▶ _Task directions_
Everything in the listing that follows should be reproduced exactly except the pictures.

▶ _Data excerpt_
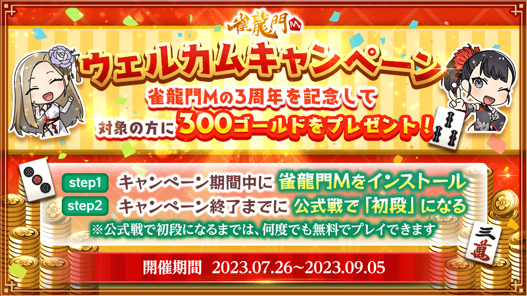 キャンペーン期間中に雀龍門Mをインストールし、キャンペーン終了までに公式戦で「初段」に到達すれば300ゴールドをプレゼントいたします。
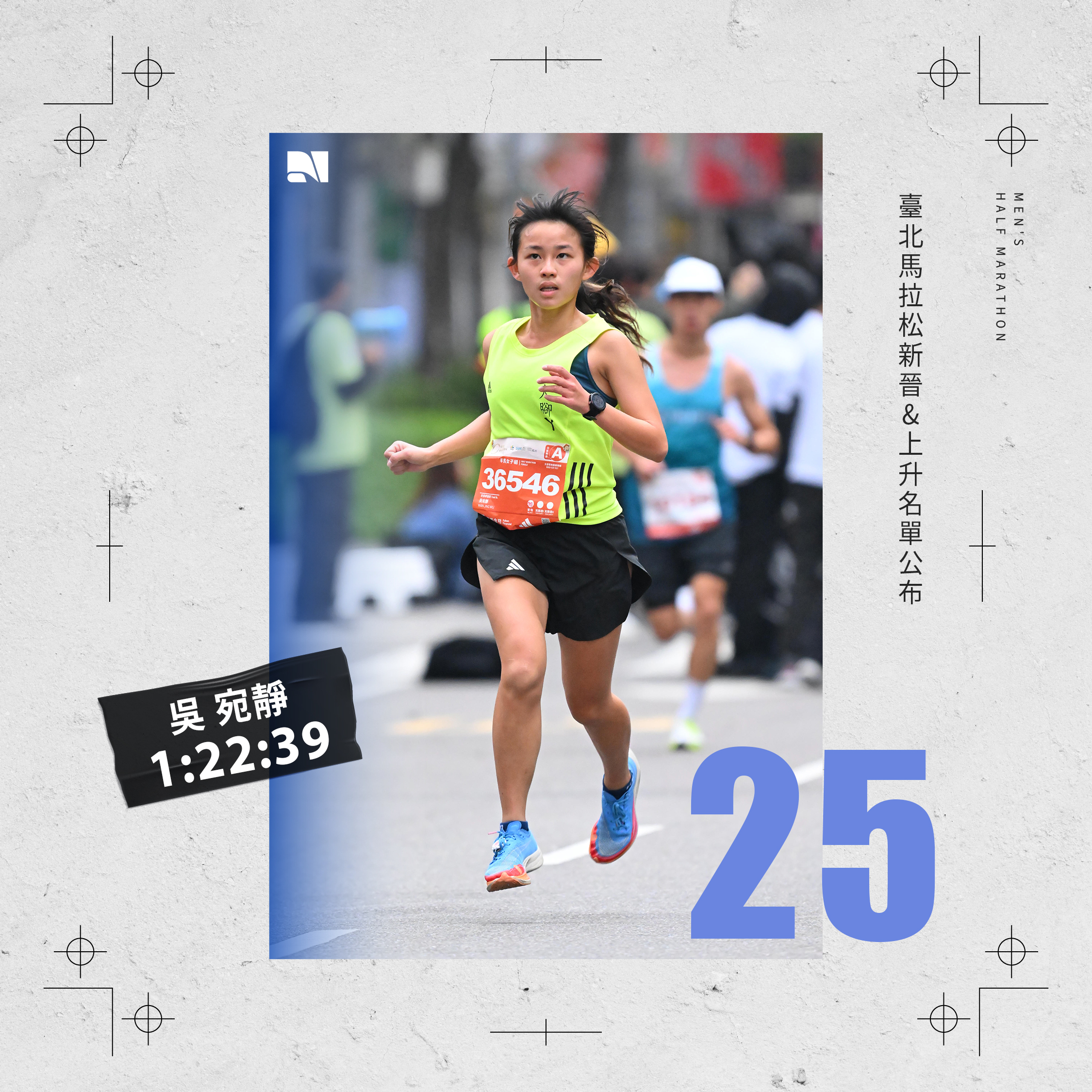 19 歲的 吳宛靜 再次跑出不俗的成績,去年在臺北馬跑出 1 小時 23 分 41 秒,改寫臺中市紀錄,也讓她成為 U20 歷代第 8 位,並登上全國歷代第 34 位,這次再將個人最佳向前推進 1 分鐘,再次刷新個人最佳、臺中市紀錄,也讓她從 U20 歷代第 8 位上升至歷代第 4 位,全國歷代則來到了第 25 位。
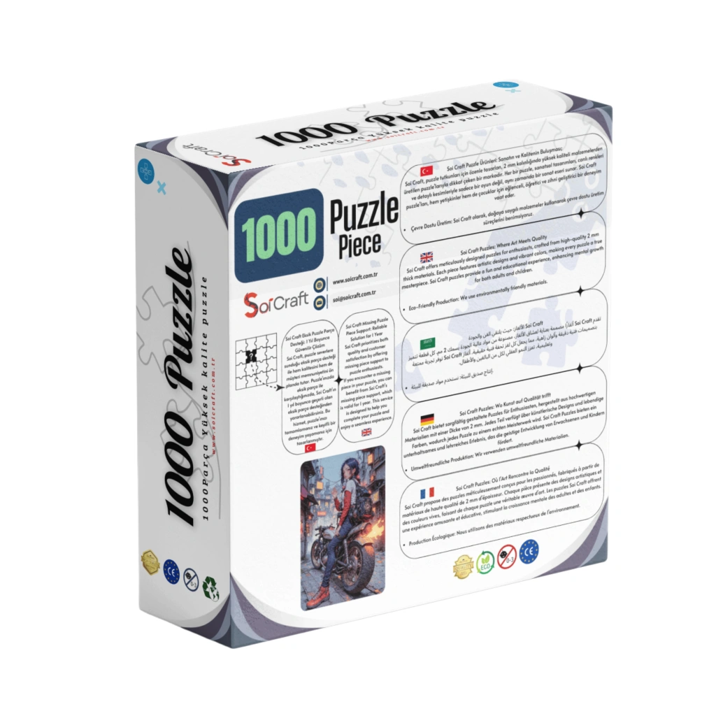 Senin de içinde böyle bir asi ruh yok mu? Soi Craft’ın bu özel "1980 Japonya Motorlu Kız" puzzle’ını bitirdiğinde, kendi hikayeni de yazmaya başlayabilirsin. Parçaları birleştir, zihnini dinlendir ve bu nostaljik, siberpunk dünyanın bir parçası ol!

▶ _Exercise result_
 キャンペーン期間中に雀龍門Mをインストールし、キャンペーン終了までに公式戦で「初段」に到達すれば300ゴールドをプレゼントいたします。
 19 歲的 吳宛靜 再次跑出不俗的成績,去年在臺北馬跑出 1 小時 23 分 41 秒,改寫臺中市紀錄,也讓她成為 U20 歷代第 8 位,並登上全國歷代第 34 位,這次再將個人最佳向前推進 1 分鐘,再次刷新個人最佳、臺中市紀錄,也讓她從 U20 歷代第 8 位上升至歷代第 4 位,全國歷代則來到了第 25 位。
 Senin de içinde böyle bir asi ruh yok mu? Soi Craft’ın bu özel "1980 Japonya Motorlu Kız" puzzle’ını bitirdiğinde, kendi hikayeni de yazmaya başlayabilirsin. Parçaları birleştir, zihnini dinlendir ve bu nostaljik, siberpunk dünyanın bir parçası ol!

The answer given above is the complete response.